Why were Europeans able to create colonial empires?

Yes–Diamand gets it wrong in his first book (Guns Germs and Steel), but he corrects himself in a later book( Collapse).
In Guns,Germs and Steel, he blames everything on the physical environment, and pays zero attention to human ingenuity and cultural values…It’s a good book, full of fascinating facts, presented well. But it leaves out a lot, too.

In Collapse, he focuses on the physical envirionment too…but he explains how human cultural values make all the difference.
He compares the Vikings in Greenland (who died out) to the native eskimos , who survived.
He, correctly, blames the death of the vikings on their culture, for not being willing to adapt to the climate. The environment is harsh, but humans can adapt to anything, if they have the desire.

Ummm … could the answer be … they had nothing better to do?

The Caribbean was a death trap alright… for the locals! Within decades they were completely wiped out by the gun, but mostly by disease.

Re: The Caribbean was a death trap alright… for the locals! Within decades they were completely wiped out by the gun, but mostly by disease.

I do wonder why Europeans never settled the English Caribbean or French Caribbean regions to the extent that they did in the Spanish colonies. Places like Cuba, the Dominican Republic, Venezuela, PR etc. have a lot of European ancestry in their population today (mixed with African and indigenous ancestry), while places like Belize, Haiti, Jamaica, the Antilles, Guyana, etc. really don’t.

Maybe the Spanish had a little more disease resistance, living in a warmer climate exposed to African and Middle Eastern contact? I don’t really know.

Exactly right: his main thesis does a good job of explaining “why Eurasia?”. For pinpointing “why Europe, within Eurasia?” you have to move on to other theories.

My own favorite theory is that, for various reasons, the European powers were never able to form one unified empire - the Hapsburgs never pulled it off, unlike the Turks, the Moguls, or the Chinese. This disunity and resulting competition proved to be an advantage, driving technology (particularly military technology) and economic development.

Cecil has addressed this, if you’re interested. He makes many of the same points as those above.

Heh. To put it succinctly:

Jared Diamond for Eurasia, Paul Kennedy for Europe within Eurasia. :wink:

A lot of the lesser Antilles were pretty much giant sugar plantations. You had a tiny amount of rich European planters who owned almost all the land and had a vast number of slaves to work it, and a town that grew around the island’s harbor for colonial administration and servicing the ships. But most European colonists who came to the New World came to get cheap land, and there wasn’t really much cheap land on, say, Barbados. It was only in some of the larger islands where you saw any substantial white settlement. Haiti, for instance, before the revolution was about 10% white and “free colored” (free people with mixed white and black ancestry). Most of them were killed or fled when Haiti got its independence.

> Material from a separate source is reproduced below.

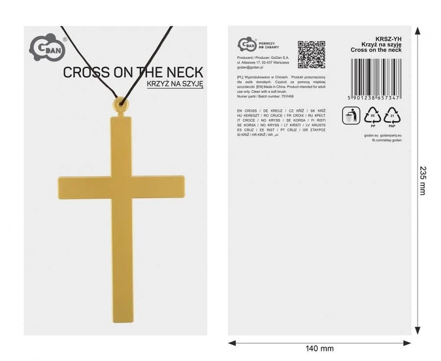 Kříž na krk - plastový 22 cm - Halloween
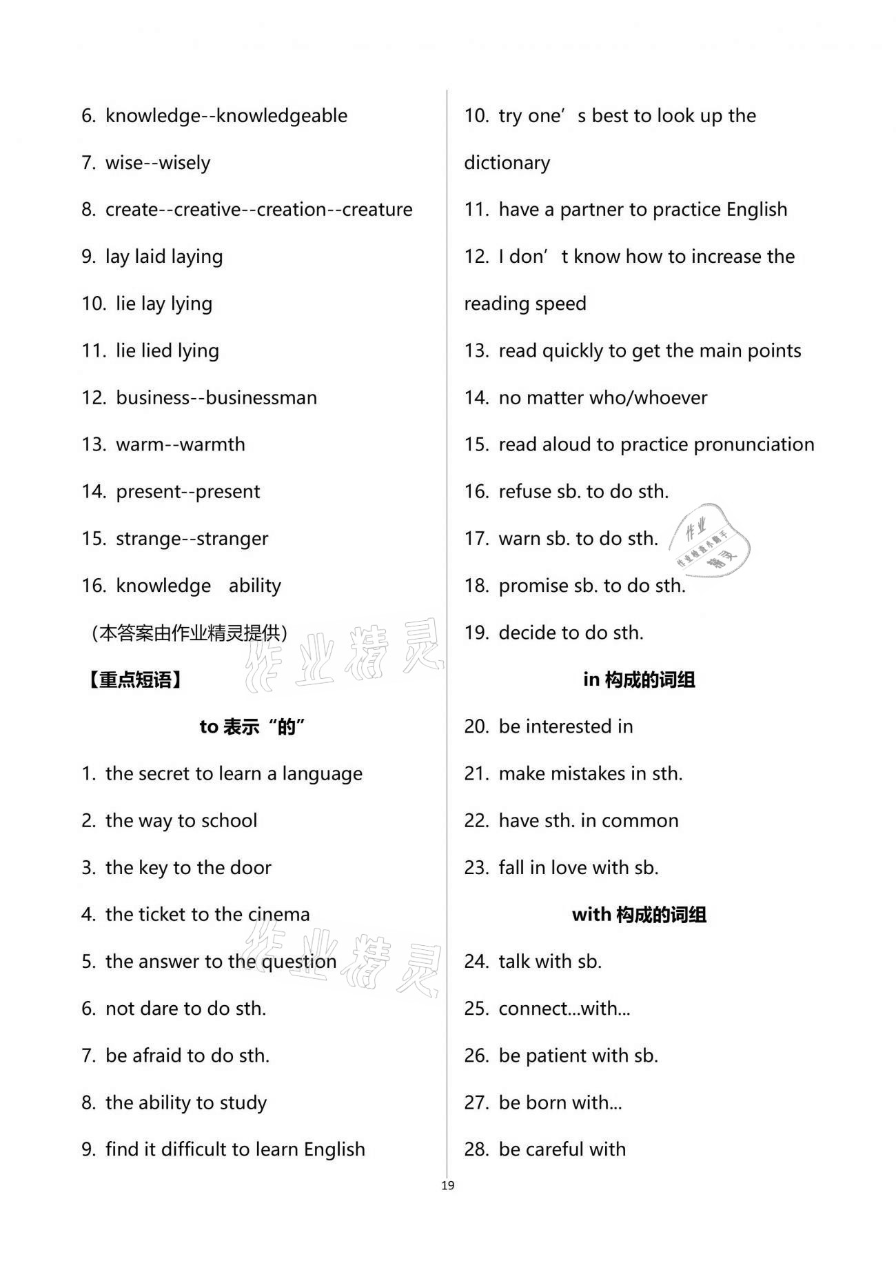 注:目前有些书本章节名称可能整理的还不是很完善,但都是按照顺序排列的,请同学们按照顺序仔细查找。练习册 2021年本土教辅名校学案初中生辅导英语 答案主要是用来给同学们做完题方便对答案用的,请勿直接抄袭。

Interesting historical note: South Carolina has a different colonial history than the other English colonies in North America. All of the other colonies were founded by England. But South Carolina was a second generation colony; it was founded by Barbados. As you noted, Barbados had an economy built around sugar plantations. With sugar being so valuable, landowners wanted to devote all their cultivatable land to sugar - and nobody wanted to “waste” land growing crops for people to eat. So the Barbadians decided to start a colony on the mainland to provide food to Barbados.